_What to do_
The following data has a line with "O Estúdio é" and a line with "Harina de Trigo". Write out exactly those lines and all the lines between them.

_Supplied information_
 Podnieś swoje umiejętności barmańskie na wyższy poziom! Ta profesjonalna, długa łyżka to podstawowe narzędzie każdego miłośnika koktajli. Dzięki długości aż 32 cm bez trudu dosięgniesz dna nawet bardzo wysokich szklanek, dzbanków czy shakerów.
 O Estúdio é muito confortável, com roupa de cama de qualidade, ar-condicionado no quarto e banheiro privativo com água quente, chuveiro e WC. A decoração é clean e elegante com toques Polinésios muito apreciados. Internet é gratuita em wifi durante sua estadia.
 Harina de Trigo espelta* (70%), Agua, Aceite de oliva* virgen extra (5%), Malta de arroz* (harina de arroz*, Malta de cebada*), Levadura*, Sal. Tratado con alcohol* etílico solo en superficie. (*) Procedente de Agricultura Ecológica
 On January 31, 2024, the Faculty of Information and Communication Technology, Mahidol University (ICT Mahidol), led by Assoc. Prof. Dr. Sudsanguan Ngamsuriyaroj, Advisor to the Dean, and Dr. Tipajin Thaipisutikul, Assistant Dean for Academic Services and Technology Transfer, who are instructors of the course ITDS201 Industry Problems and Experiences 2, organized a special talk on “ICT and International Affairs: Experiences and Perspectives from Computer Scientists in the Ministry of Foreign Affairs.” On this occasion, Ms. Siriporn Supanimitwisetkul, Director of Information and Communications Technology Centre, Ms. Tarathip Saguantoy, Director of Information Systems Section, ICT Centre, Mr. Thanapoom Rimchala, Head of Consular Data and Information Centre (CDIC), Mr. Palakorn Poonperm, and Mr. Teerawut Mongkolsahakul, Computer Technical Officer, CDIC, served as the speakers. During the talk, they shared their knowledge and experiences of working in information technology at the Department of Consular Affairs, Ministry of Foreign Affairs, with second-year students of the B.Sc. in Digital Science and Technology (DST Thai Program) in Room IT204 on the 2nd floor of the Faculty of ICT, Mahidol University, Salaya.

_Answer to this task_
 O Estúdio é muito confortável, com roupa de cama de qualidade, ar-condicionado no quarto e banheiro privativo com água quente, chuveiro e WC. A decoração é clean e elegante com toques Polinésios muito apreciados. Internet é gratuita em wifi durante sua estadia.
 Harina de Trigo espelta* (70%), Agua, Aceite de oliva* virgen extra (5%), Malta de arroz* (harina de arroz*, Malta de cebada*), Levadura*, Sal. Tratado con alcohol* etílico solo en superficie. (*) Procedente de Agricultura Ecológica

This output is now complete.